Teaching and learning new stuff have always been my anchor. The AI world changes so much, which makes it fun and exhilarating. That's my story in a nutshell.


That’s an amazing story! What are you most excited about with your YouTube channel, and what’s your vision for it?


I’ve always loved teaching because it brings out the giving side of me. I enjoy making learning approachable and fun with animations and quirky examples. I think abstraction is important, but it’s not the best way to learn. Simple, memorable examples work better for most people, including myself.


The fact that I can make a career out of this is a nice bonus. I love getting messages from people around the world who found my content helpful. It’s rewarding to bring education to those who might not have access to standard educational resources. So, the vision is to continue making engaging, educational content that’s accessible to everyone.


That’s fantastic. You’ve just gained a new subscriber! What predictions do you have for the future of large language models?


In the immediate future, I see multimodality as the next big thing. Models will handle text, sound, images, and video as input and output. Tool use is another development on the horizon. Models will be able to directly perform tasks, like sending emails or making web pages, instead of just providing instructions.


In the medium term, integrating AI with robotics is a likely step. Combining language models with motion and physical interaction could lead to exciting advancements.

In the long term, I get philosophical. As machines take over more logical and rational tasks, humans might need to focus on what makes us unique, like empathy, intuition, and other soft skills. These are areas where we can still outshine machines and should be embraced.


That’s insightful. Switching gears, what keeps pulling you back to Canada as the place you want to build in?


Canada is a wonderful country and has always been welcoming to me. It provided scholarships and funding for my research, which I’m very thankful for. I love the peacefulness and social benefits, like healthcare, which I didn’t have in the US.

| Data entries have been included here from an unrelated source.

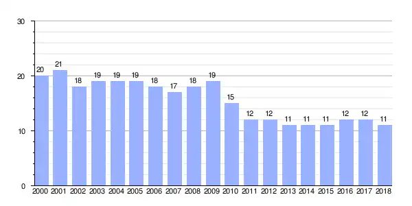 Gráfica de evolución demográfica de Faílde entre 2000 y 2018 |
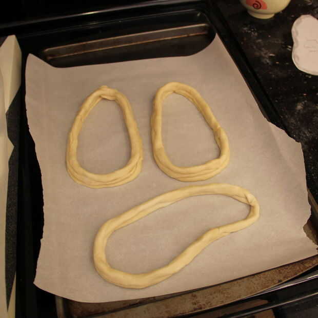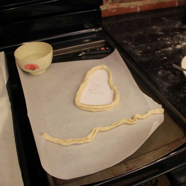 Imaginar es como si estás haciendo un cuenco de barro, sólo la masa laminada en todo el patrón de viento añadiendo al menos dos capas. Utilice un poco de agua para conseguir que permanezcan juntos.
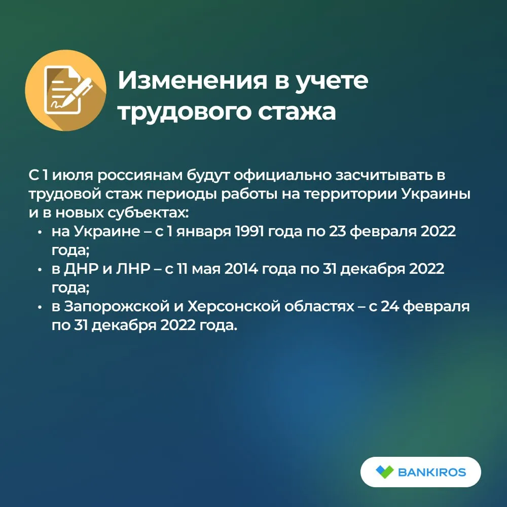 - В трудовой стаж начнут засчитывать работу на Украине и в новых российских регионах за конкретные периоды;
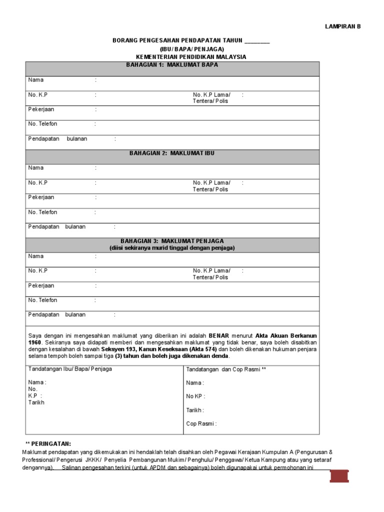 Borang Pengesahan Pendapatan Lampiran B Pdf

Canada is also a hub for innovation, especially in the corridor from Montreal to Toronto to Waterloo. It’s home to leading scientists and researchers in AI and quantum computing. The vibrant research community and the welcoming nature of the country make it an attractive place to live and work.


What’s the most Canadian experience you’ve ever had, or a memorable moment here?


One memorable moment is when my grandma, in her 90s, got her Canadian citizenship. She was the oldest person in the room, and the judge came to take a picture with her. It was a special moment that highlighted how welcoming and supportive Canada can be, especially towards immigrants.